Layer 3 is the proprietary part. It takes everything Layer 1 and Layer 2 produce and meshes it into a single score per dish — weighted by the kind of restaurant you run. It is the layer that turns a wall of metrics into one figure an operator can rank a menu by.
A one-sentence summary of the math
Normalise five components to a common 0–100 scale, multiply each by a weight that shifts with your restaurant tier, and add them up — so the same dish scores differently at a casual room than it does at a Michelin kitchen.
What it measures
The Couverte Score combines five components: contribution margin, popularity, food cost efficiency, ProPASH contribution, and brand alignment. Each is normalised to 0–100 within its category, then weighted.
The weights are not fixed. They shift across the four tiers:
- At a casual restaurant, the economics dominate — margin, velocity, and food cost efficiency together carry most of the score.

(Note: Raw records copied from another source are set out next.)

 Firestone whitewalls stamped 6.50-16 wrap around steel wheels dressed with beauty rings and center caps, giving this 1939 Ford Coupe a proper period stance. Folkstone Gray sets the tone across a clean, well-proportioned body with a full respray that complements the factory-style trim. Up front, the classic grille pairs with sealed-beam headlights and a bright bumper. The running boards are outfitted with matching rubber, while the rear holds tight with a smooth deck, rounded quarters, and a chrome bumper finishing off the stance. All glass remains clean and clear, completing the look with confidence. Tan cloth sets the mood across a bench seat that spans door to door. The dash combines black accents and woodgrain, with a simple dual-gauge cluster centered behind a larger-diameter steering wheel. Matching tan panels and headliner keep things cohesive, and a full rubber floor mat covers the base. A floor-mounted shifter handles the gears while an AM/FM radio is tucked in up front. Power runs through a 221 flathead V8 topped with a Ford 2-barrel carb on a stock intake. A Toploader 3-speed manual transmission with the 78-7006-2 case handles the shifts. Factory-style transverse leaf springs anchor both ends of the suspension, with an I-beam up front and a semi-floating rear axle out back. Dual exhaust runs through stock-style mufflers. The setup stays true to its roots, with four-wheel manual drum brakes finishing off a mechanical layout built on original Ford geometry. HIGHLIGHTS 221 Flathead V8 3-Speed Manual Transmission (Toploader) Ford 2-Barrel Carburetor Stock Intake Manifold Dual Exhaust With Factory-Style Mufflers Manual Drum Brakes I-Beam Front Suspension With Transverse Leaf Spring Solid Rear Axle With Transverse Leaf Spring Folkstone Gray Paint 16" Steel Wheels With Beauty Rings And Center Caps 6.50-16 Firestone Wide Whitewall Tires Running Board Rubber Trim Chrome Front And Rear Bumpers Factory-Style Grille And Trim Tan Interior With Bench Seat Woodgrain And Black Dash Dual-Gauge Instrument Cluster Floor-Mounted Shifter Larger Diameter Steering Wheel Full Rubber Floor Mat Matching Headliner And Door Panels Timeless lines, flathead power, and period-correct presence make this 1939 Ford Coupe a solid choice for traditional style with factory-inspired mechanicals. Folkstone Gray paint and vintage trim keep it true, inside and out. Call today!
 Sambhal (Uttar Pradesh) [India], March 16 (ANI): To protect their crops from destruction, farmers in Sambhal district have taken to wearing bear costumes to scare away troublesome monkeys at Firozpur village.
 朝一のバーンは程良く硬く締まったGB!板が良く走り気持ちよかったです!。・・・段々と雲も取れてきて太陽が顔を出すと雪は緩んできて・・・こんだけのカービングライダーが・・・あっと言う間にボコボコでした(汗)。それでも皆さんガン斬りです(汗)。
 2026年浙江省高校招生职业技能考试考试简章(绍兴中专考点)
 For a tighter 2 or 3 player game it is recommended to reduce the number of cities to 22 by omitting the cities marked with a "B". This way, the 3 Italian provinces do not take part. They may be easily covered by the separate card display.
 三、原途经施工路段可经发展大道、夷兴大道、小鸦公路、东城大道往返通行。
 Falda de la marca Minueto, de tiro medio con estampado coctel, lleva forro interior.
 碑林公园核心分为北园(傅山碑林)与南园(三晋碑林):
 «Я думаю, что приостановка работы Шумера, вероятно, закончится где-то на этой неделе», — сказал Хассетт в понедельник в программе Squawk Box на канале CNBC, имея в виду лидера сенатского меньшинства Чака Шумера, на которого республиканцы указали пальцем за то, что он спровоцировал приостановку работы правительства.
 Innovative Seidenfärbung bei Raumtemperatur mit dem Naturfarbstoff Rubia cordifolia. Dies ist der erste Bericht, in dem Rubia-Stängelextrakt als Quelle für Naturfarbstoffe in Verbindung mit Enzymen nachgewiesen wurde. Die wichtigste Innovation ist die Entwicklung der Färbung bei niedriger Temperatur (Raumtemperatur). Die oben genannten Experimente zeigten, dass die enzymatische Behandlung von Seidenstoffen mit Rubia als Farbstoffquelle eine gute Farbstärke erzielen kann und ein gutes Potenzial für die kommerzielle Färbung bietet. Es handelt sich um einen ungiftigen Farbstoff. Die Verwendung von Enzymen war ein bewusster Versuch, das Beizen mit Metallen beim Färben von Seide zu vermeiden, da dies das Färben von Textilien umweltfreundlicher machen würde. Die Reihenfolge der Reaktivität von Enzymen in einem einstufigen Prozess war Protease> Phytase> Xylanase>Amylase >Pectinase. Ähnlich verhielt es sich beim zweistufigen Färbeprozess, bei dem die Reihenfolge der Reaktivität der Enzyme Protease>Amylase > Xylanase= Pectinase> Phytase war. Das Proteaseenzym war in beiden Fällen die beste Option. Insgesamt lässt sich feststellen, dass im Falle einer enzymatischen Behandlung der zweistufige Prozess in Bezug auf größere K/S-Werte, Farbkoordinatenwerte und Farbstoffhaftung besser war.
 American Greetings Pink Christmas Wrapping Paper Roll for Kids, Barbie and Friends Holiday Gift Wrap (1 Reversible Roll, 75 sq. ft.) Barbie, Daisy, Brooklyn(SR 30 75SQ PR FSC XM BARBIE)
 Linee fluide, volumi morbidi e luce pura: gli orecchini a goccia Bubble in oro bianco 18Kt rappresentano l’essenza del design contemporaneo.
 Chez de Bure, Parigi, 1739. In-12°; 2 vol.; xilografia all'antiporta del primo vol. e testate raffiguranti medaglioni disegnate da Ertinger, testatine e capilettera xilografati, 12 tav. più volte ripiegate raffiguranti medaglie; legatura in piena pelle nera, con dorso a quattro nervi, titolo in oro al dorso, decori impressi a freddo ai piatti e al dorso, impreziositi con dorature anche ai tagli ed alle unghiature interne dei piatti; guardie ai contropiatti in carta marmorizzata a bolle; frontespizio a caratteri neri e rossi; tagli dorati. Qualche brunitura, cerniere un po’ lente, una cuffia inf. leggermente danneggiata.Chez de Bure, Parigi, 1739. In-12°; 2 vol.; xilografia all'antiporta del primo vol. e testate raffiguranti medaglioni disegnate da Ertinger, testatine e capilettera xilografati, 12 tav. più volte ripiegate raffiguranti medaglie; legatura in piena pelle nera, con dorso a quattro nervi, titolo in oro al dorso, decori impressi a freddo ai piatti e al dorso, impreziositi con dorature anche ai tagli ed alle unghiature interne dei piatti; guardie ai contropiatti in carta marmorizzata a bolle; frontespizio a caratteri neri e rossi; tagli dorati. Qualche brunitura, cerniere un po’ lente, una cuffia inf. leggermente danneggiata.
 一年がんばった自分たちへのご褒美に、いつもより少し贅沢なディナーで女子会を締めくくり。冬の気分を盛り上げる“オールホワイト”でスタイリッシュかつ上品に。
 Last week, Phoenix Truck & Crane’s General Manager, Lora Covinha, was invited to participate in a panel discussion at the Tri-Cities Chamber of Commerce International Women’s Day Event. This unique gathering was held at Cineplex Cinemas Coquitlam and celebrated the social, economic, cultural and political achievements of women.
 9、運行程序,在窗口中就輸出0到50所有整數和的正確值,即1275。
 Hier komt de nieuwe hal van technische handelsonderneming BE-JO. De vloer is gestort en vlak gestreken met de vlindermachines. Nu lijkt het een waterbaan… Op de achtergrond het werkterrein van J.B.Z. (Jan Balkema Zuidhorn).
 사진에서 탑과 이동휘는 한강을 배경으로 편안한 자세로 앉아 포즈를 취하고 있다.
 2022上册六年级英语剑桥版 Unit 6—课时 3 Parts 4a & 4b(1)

- At hotel F&B, ProPASH rises in weight, because profit per seat-hour across dayparts is where the real money is.
- At a fine-dining room, brand alignment climbs sharply.
- At a Michelin kitchen, brand alignment is the dominant weight — creative coherence and guest experience come first, profit second.
Brand alignment is the component no published model includes. It answers one question: does this dish belong on this restaurant’s menu? A truffle pizza can score high on margin and popularity at a casual Italian spot and still be wrong if the place positions itself as a simple, honest trattoria. A low-margin amuse at a Michelin restaurant can score poorly on economics and still be essential to the tasting narrative. It is assessed against the restaurant’s stated concept, its ingredient-sourcing identity, the kitchen’s technique level, and whether the dish matches guest expectations for its price tier.
One concrete intervention
A signature pasta at a fine-dining room scores in the mid-range — solid margin, modest velocity. At a casual tier, that score would push a recommendation to reprice or reposition for volume. But at the fine-dining tier the weight on brand alignment is high, and this dish scores at the top of that component: it is exactly what the restaurant is known for. The Score reads the dish as a brand anchor, not a margin problem, and the recommendation protects it — hold the price, keep its menu position — rather than chasing turns it was never meant to deliver.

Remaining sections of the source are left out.